Der Haftbefehl gegen Alexandra R. wurde aufgehoben, weil nach derzeitigem Stand der Ermittlungen "kein dringender Tatverdacht mehr besteht", sagte Justizsprecher Robert Bäumel gestern. Am Tag zuvor waren in der Verhandlung bei den Richtern erhebliche Zweifel aufgekommen, ob Alexandra R. tatsächlich die „dunkel gekleidete Frau“ gewesen war, die ein Polizeibeamter am 18. Mai dieses Jahres direkt nach einem Brandanschlag auf einen Pkw an der Liebigstraße in Friedrichshain in unmittelbarer Nähe des Tatorts gesehen haben will.

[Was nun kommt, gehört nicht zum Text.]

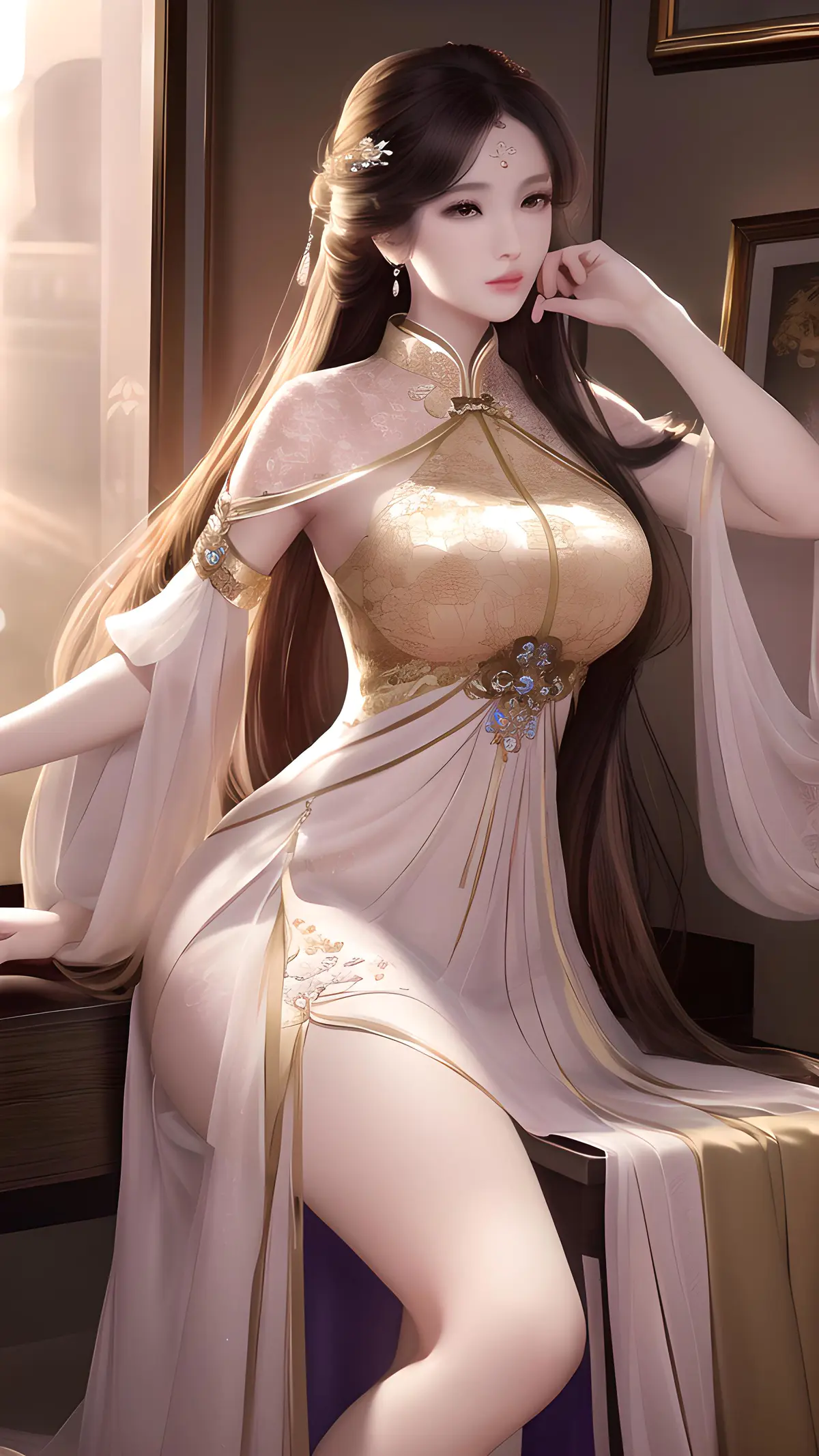 在画面构图上,我会运用黄金比例来安排小姐姐的位置和比例,使得整个画面更加和谐、美观。她可能会被描绘为一个端庄优雅、气质高雅的女子,穿着传统的旗袍。

Auf die Frage der Verteidigung, warum er dazu in seinen früheren Vernehmungen beim Landeskriminalamt (LKA) abweichende Aussagen gemacht habe, antwortete der Beamte: „Das kann ich mir auch nicht erklären.“ Die Aussage einer LKA-Chemikerin, am Tatort seien keine DNA-Spuren von der Angeklagten gefunden worden, war ebenfalls alles andere als geeignet, den Tatverdacht gegen Alexandra R. zu erhärten.

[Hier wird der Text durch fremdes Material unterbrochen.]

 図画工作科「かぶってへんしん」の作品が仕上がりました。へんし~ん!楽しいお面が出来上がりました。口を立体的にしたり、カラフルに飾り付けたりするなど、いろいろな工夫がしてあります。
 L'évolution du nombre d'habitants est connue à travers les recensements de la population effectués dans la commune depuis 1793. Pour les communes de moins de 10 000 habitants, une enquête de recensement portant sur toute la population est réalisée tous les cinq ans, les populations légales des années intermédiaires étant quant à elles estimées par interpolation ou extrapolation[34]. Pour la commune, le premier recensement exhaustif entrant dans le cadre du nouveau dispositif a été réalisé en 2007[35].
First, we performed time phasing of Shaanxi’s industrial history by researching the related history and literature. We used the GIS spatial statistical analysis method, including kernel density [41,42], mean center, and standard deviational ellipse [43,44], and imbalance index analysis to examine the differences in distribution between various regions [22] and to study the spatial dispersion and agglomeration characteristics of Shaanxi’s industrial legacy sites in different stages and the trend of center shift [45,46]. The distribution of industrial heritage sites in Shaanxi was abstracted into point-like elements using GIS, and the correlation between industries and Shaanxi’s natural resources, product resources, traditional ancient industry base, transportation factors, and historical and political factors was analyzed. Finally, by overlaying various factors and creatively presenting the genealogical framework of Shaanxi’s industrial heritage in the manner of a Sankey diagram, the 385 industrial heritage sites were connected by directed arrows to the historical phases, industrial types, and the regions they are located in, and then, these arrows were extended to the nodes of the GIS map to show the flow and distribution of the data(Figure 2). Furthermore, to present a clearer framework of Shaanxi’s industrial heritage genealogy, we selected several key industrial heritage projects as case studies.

Auch Christoph T., der Angeklagte im zweiten Prozess, ist nach dreimonatiger Untersuchungshaft wieder frei. Ihm wirft die Staatsanwaltschaft vor, am 17. Juni an der Pettenkoferstraße in Friedrichshain einen Pkw in Brand gesetzt zu haben. Hauptbelastungsindiz der Ermittler waren dabei Bestandteile von Lampenöl, die unmittelbar nach Festnahme des 23-Jährigen an seinen Händen, seiner Kleidung und seinem Rucksack entdeckt wurden.
Doch am Freitag erklärte vor Gericht ein Gutachter zur großen Verwunderung und zum Entsetzen der Anklagevertreter, dass an dem angezündeten Fahrzeug keine Spuren von Lampenöl gefunden wurden. Zudem, führte der Gutachter weiter aus, könnten die Substanzen auch aus Ausdünstungen von Öllampen herrühren und schon Wochen alt sein. Als die Richter nach diesem Vortrag andeuteten, der Prozess laufe auf einen Freispruch für Christoph T. hinaus, beantragte die Staatsanwaltschaft als letztes Mittel ein weiteres Gutachten durch einen Chemiker des Bundeskriminalamts. Wann das Gutachten vorliegt und der Prozess gegen T. wieder aufgenommen werden kann, ist noch unklar.
Bäumel wies darauf hin, dass der Prozess gegen Alexandra R. weitergeführt werde, auch wenn der jetzige Tatverdacht für eine Untersuchungshaft nicht ausreiche. Dennoch ist bei den Ermittlern der Staatsanwaltschaft und des Landeskriminalamts bereits Ernüchterung eingetreten. Beide Behörden hatten sich viel von den Verfahren versprochen, insbesondere richtungweisende Urteile mit abschreckender Wirkung auf die linksextremistischen Serienbrandstifter.
Danach sieht es derzeit allerdings nicht aus, ganz im Gegenteil. In Internetforen der linken Szene wurden die Freilassungen der beiden Verdächtigen als „Sieg über die Klassenjustiz“ gefeiert. „Die fühlen sich jetzt vermutlich ganz stark. Das könnte denen noch mal einen richtigen Schub geben“, sagte ein Ermittler gestern. Dennoch, fügte der Beamte hinzu, müsse man mit dieser Entwicklung leben, auch wenn sie enttäuschend sei: „Wir leben in einem Rechtsstaat. Wenn die Beweise nicht ausreichen, kann es auch keine Verurteilung geben.“
Unterdessen brannte auch in der Nacht zu gestern ein Pkw. An der Rigaer Straße in Friedrichshain traf es einen BMW. Das Fahrzeug wurde stark beschädigt. Die Polizei geht von Brandstiftung aus, der Staatsschutz ermittelt.